Maypearl First United Methodist Church began as the Maypearl Methodist Episcopal Church South on a circuit with four other churches under the pastorship of Rev. C. A. Clark. The church expanded quickly. By 1910, the church had joined the Central Texas Conference, adding more locations to the circuit by 1914.
Physical expansion began in the 1920s, when Sunday school rooms were added to the original structure. In the late 30s and early 40s, lots around the church were purchased to make room for parking and a parsonage.
An education building was added in 1957, erected from the salvaged lumber of the Greathouse Baptist Church and School.

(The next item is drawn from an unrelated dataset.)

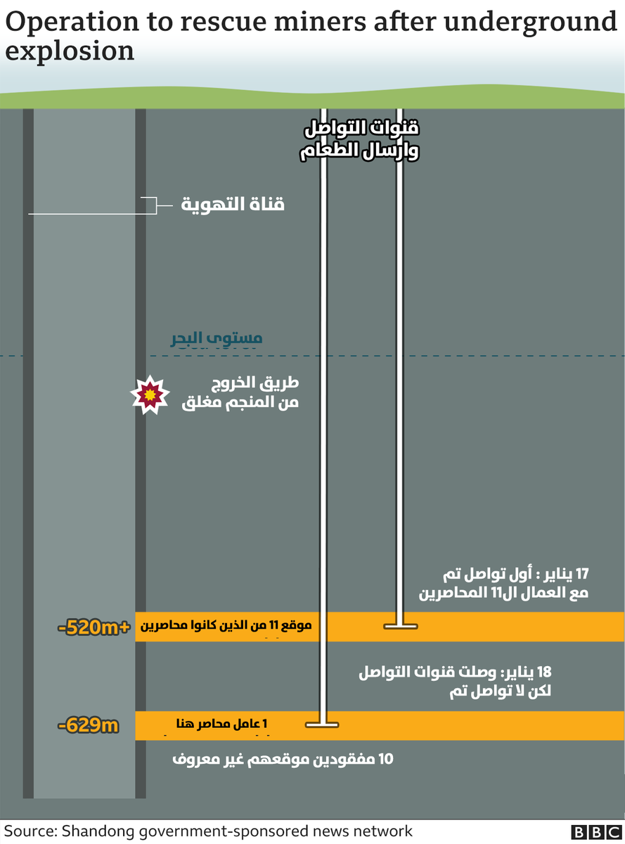 "سنستمر في استخدام أجهزة الكشف عن الحياة وغيرها من المعدات للاتصال بالمحاصرين تحت الأرض وفي الوقت نفسه نقوم بتسريع تطهير العمود الرئيسي وحفر ثقوب إنقاذ إضافية."

The building is now used for dinners and other get-togethers, as well as for Sunday school classes.
“And we have shared that building with other churches that needed a meeting place,” said Jacobson, whose mother, Ann Bynum, was also a church member.
According to a write-up from the Grandview Tribune in 2005, Bynum was instrumental in helping to maintain a longstanding piece of church history — a family quilt, made in 1928, which still hangs in the church today.

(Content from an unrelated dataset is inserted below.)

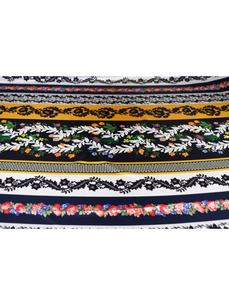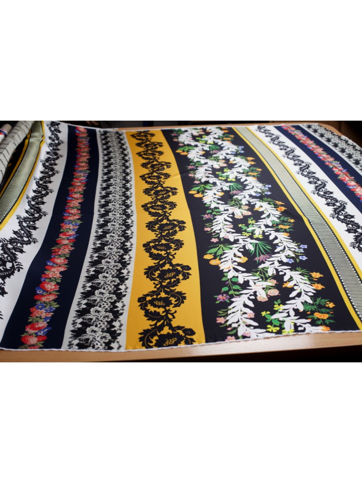 Seidenstoffe der OSCAR DE LA RENTA Kollektion mit horizontalen Streifen und Mustern bedruckt.

“The squares in (the quilt) were actually done by different families in the church, and they’ve got the family names in there,” recalled church member Tommy Faries, Janice’s husband. “We actually have people periodically … that will hear about that quilt, and they’ll come … and want to look at it because of their ancestors.”
Janice and Tommy stumbled upon the quilt top in a box in the attic of the church parsonage while helping Pastor Ken Bergeron and his family move out in 1993.
“Needless to say, it has been put in a glass case and is hanging on the wall now,” Tommy said.
The church held its first Lord’s Acre in October of 1959, led by Rev. J. W. Sellers.
“He was also our speaker at our 100th (anniversary) celebration on May 2 of 2004,” Janice said.
Money raised from annual Lord’s Acre events then helped the church make needed renovations in the 1960s: a fresh coat of paint on the interior walls, paneling behind the pulpit, new carpet and new pews, concrete sidewalks and landscaping outside.
These funds have continued to assist Maypearl congregation in maintaining their historic building — while keeping its historical integrity intact.
“The people ahead of us have kept it as close to the original as possible,” Tommy said. “The original cornerstones with the names of the trustees is still on the building.”
One thing that has changed about the Maypearl church is the height of its steeples. When lightning struck the church in November of 1984, a fire began in one of the steeples. High storm winds also caused damage, and lowering the steeples was considered. The project was completed in 1991.
Stained glass windows were added to the front of the church in 1993 and 1994 depicting the Good Shepherd and Jesus and his loving children. The pieces were given to the church to honor the memory of members Doris Sisk Chester and William and Faye Childers.
Today, services are still held every Sunday in the original 1904 structure, led by Dr. Art Torpy. The church is located at 301 West 3rd Street in Maypearl.
“Maypearl United Methodist Church is my family,” Janice and Tommy agreed, “and we all work together to make it a place that we will be proud of.”